Proses pembuatan kerupuk cukup sederhana dan prosesnya serupa. Yakni
dengan mengukus buah atau sayuran yang akan dicampur ke dalam adonan.
Setelah dikukus hingga empuk, lalu digiling hingga betul-betul hancur.
Alat penggilingnya mirip dengan mesin penggiling daging. Setelah itu, semua bahan dicampur dan diaduk hingga rata. Setelah dianggap cukup tercampur, adonan lalu dibentuk sekepal tangan dan ditekan menggunakan 2 buah kayu yang ditekan hingga pipih berbentuk lembaran.
Lembaran adonan ini lantas dijemur selama kurang lebih 3 jam hingga setengah kering.
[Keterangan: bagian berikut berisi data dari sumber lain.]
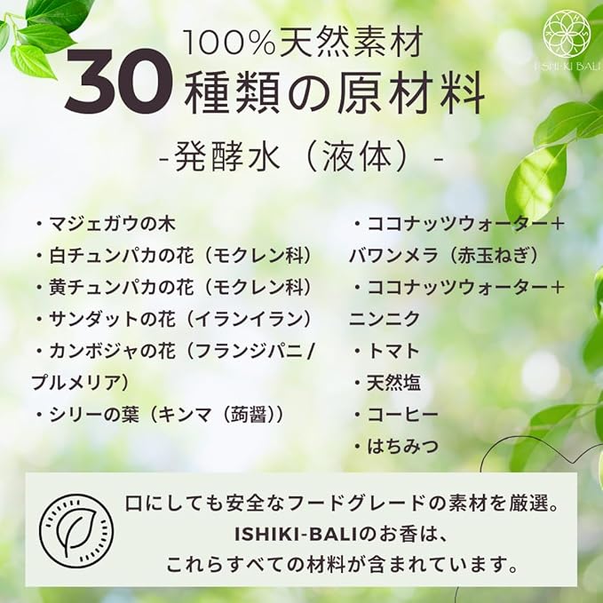 商品特長 独自製法の天然素材から作られた発酵水を多く含み、香りが立体的に広がることで、空間の切り替えや集中したい時間に、呼吸と意識を整えやすい環境づくりを助けます。
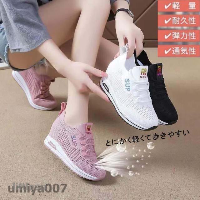スニーカー 6cm ウェッジソール カジュアルシューズ 厚底スニーカー ハイカット インヒール 厚底 編み上げ
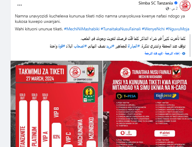 سيمبا التنزاني أشعل حماس جماهيره بشكل كبير وطالبهم بالاسراع على شراء تذاكر المباراة للتواجد في الملعب ودعم الفريق امام الأهلي.
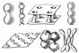 Ферми поверхность, изоэнергетическая поверхность в пространстве квазиимпульсов р, отделяющая область запятых электронных состоянии металла от области, в которой при Т = 0 К электронов нет. За большинство свойств металлов ответственны электроны, расположенные на Ф. п. и в узкой области пространства квазиимпульсов вблизи неё. Это связано с высокой концентрацией электронов проводимости в металле, плотно заполняющих уровни в зоне проводимости (см. Вырожденный газ, Твёрдое тело). Каждый металл характеризуется своей Ф. п., причём формы поверхностей разнообразны (рис.). Для «газа свободных электронов» Ф. п. – сфера. Объём, ограниченный Ф. п. WF (приходящейся на 1 элементарную ячейку в пространстве квазиимпульсов), определяется концентрацией n электронов проводимости в металле: 2WF/(2p
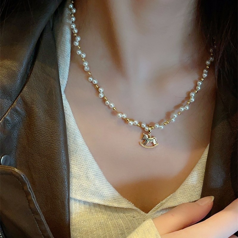 Retro Crushed Ice Trojan Horse Pendant Bubble Wrapped Pearl Necklace Women's Design Exquisite Fashion Clavicle Chain
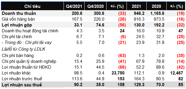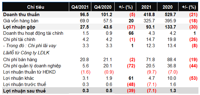 Trong năm 2021, doanh nghiệp bánh phồng tôm ghi nhận doanh thu giảm 14% cộng thêm chi phí bán hàng tăng nên lợi nhuận ròng giảm 41% so với năm trước, còn gần 55 tỷ đồng.
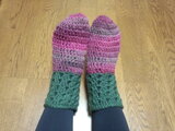 ◎長編み&シェル編みのソックスを作りました。足首のシェル編みが優しい履き心地です。
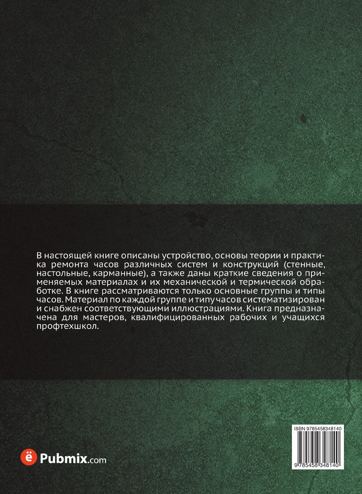 В настоящей книге описаны устройство, основы теории и практика ремонта часов различных систем и конструкций (стенные, настольные, карманные), а также даны краткие сведения о применяемых материалах и их механической и термической обработке.В книге рассматриваются только основные группы и типы часов. Материал по каждой группе и типу часов систематизирован и снабжен соответствующими иллюстрациями.Книга предназначена для мастеров, квалифицированных рабочих и учащихся профтехшкол.
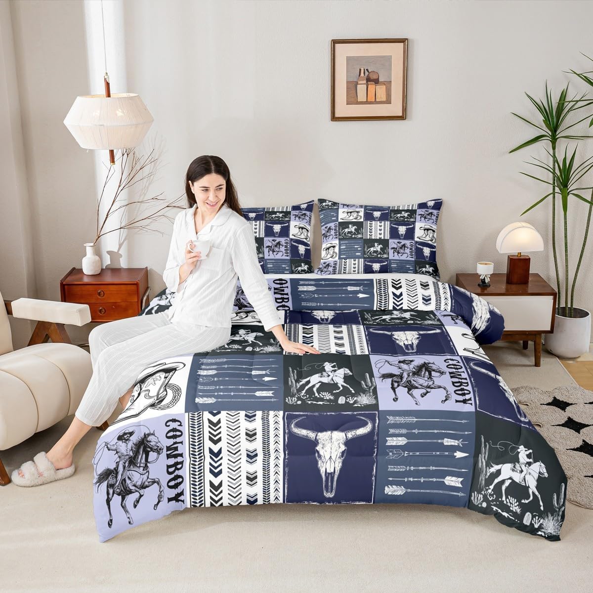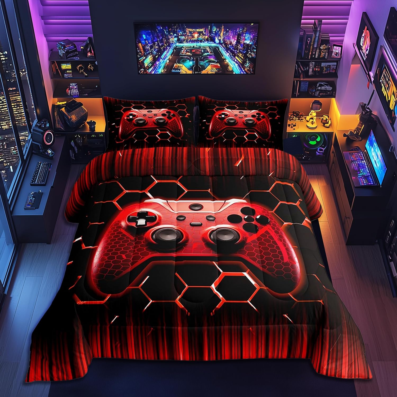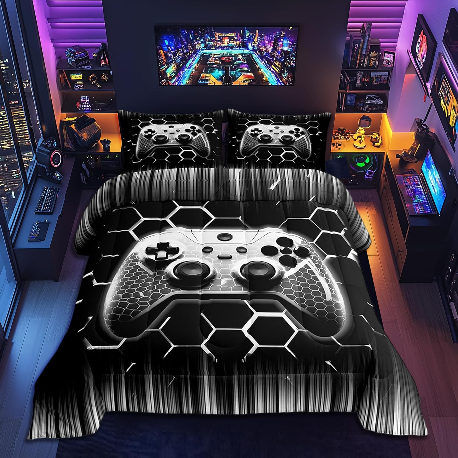 Package Include: Comforter and Pillowcase. Makeover your bedrooms every season with our Comforter sets. Perfect item for your room, girls boys youth room, master bedroom. Size Information: Twin size down comforter 68"W x 90"L and 1 pillow case 30"W x 20"L. 2pcs with 1 Bed Comforter and 1 Pillowcases in A Bag Full size down comforter 79"W x 90"L and 2 pillow cases 30"W x 20"L. 3pcs with 1 Bed Comforter and 2 Pillowcases in A Bag Queen size down comforter 90"W x 90"L and 2 pillow cases 30"W x 20"L. 3pcs with 1 Bed Comforter and 2 Pillowcases in A Bag King size down comforter 104"W x 90"L and 2 pillow cases 36"W x 20"L. 3pcs with 1 Bed Comforter and 2 Pillowcases in A Bag Useful and practical A luxurious product for homes, dorm rooms, hotels, guest rooms. Practical to use for being polyester, feels like cotton which is Super Soft and Breathable. No chemicals used, No dye substance harming the health of you or your family. Unique design: Vivid Colors won't fade thanks to new 3D digital printing methods. These unique designs match well with various color palettes of your rugs, curtains, headboard, furniture, and all other decor accessories. Personalized: As manufacturers of digital printed home textiles, we follow current trends and bring you the latest home fashion. More Decor: Search our store to get more christmas theme, new year theme, autumn fall theme, any holiday theme, modern abstract, farmhouse rustic theme, simple pattern, garden flowers etc. home decoration. Warm Tips: 1. Please allow 1-3cm error due to manual measurement. 2. Actual color may vary from the color on your screen due to monitor color restrictions.

Lalu diguntingi berbentuk persegi, kemudian dijemur kembali hingga betul-betul kering. Tekstur kerupuk yang baik setelah dijemur kedua kalinya adalah mudah patah atau bisa dipatahkan. “Jika belum bisa patah, maka
penjemuran belum sempurna,” terang Eva.
Untuk proses pengeringan, Eva betul-betul hanya mengandalkan sinar surya. Maka jika musim panas tiba, Eva membuat kerupuk sebanyak-banyak untuk disimpan sebagai cadangan sebelum musim hujan tiba. Dengan proses pengeringan sempurna, kerupuk ini tak perlu dijemur kembali sebelum digoreng.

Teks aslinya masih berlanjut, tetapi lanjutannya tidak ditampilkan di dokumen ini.